Reproduce exactly the span of lines beginning at the one with "شایعه: ۲۶ شهریور،" and ending at the last line of the data below, omitting pictures.

> **Data shown**:
+ + + +

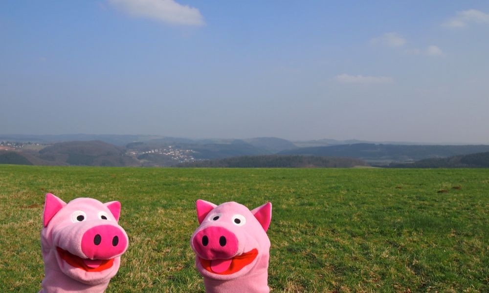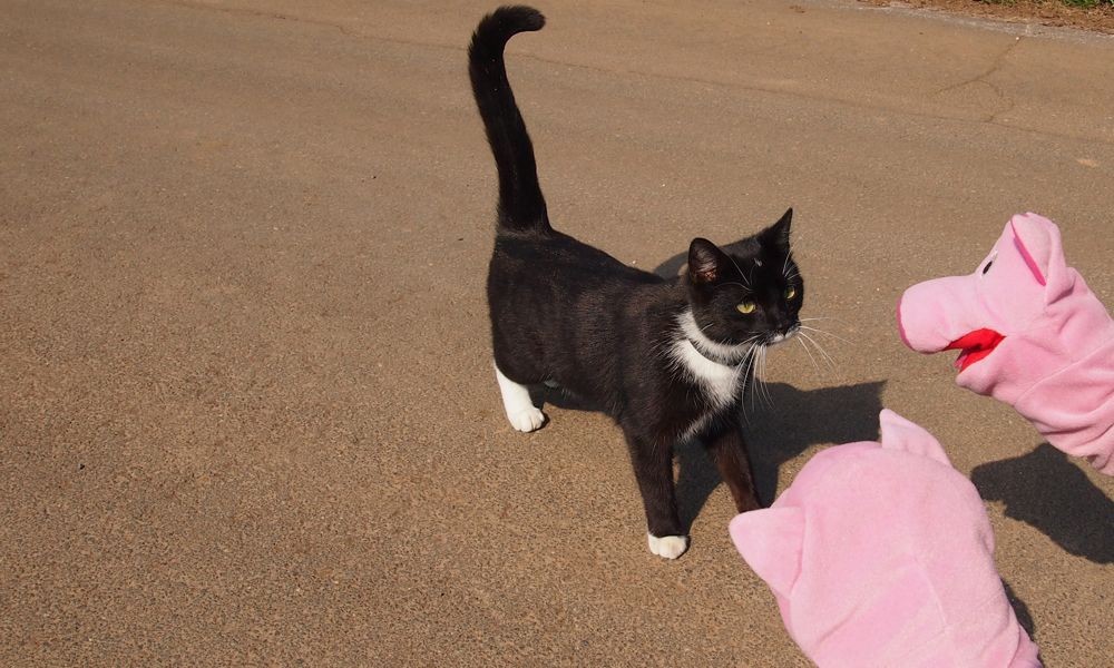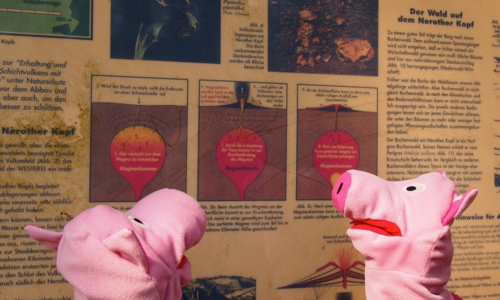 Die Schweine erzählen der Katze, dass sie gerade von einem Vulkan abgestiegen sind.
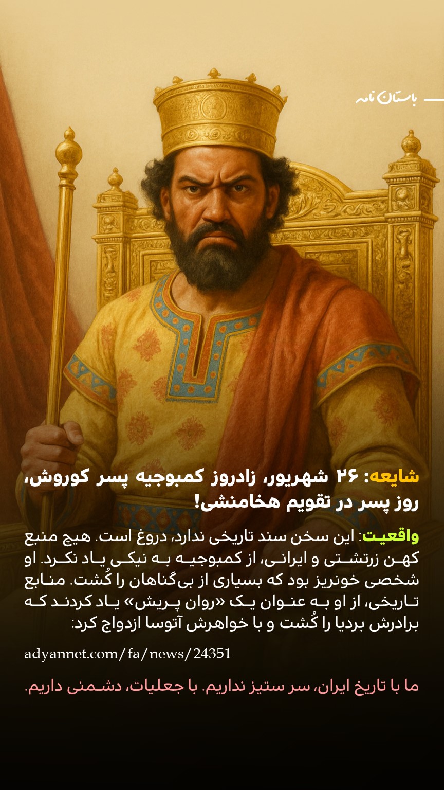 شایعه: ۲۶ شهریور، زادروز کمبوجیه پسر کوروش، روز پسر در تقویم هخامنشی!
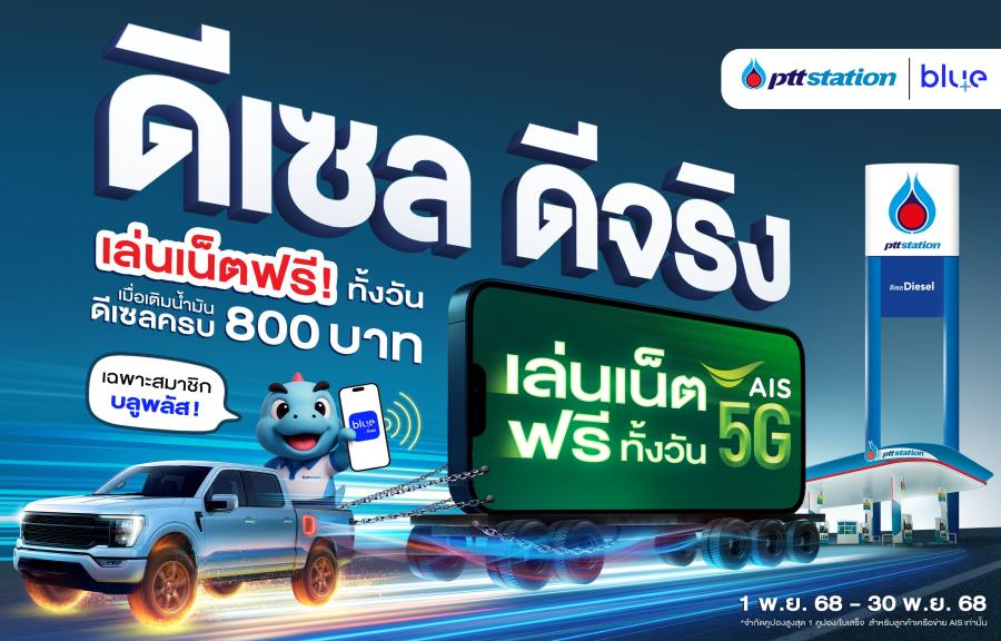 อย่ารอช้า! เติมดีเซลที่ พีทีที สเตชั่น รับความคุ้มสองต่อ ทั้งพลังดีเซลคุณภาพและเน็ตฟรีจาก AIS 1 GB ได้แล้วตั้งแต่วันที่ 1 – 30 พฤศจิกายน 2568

+ + + +

> **Expected answer**:
 شایعه: ۲۶ شهریور، زادروز کمبوجیه پسر کوروش، روز پسر در تقویم هخامنشی!
 อย่ารอช้า! เติมดีเซลที่ พีทีที สเตชั่น รับความคุ้มสองต่อ ทั้งพลังดีเซลคุณภาพและเน็ตฟรีจาก AIS 1 GB ได้แล้วตั้งแต่วันที่ 1 – 30 พฤศจิกายน 2568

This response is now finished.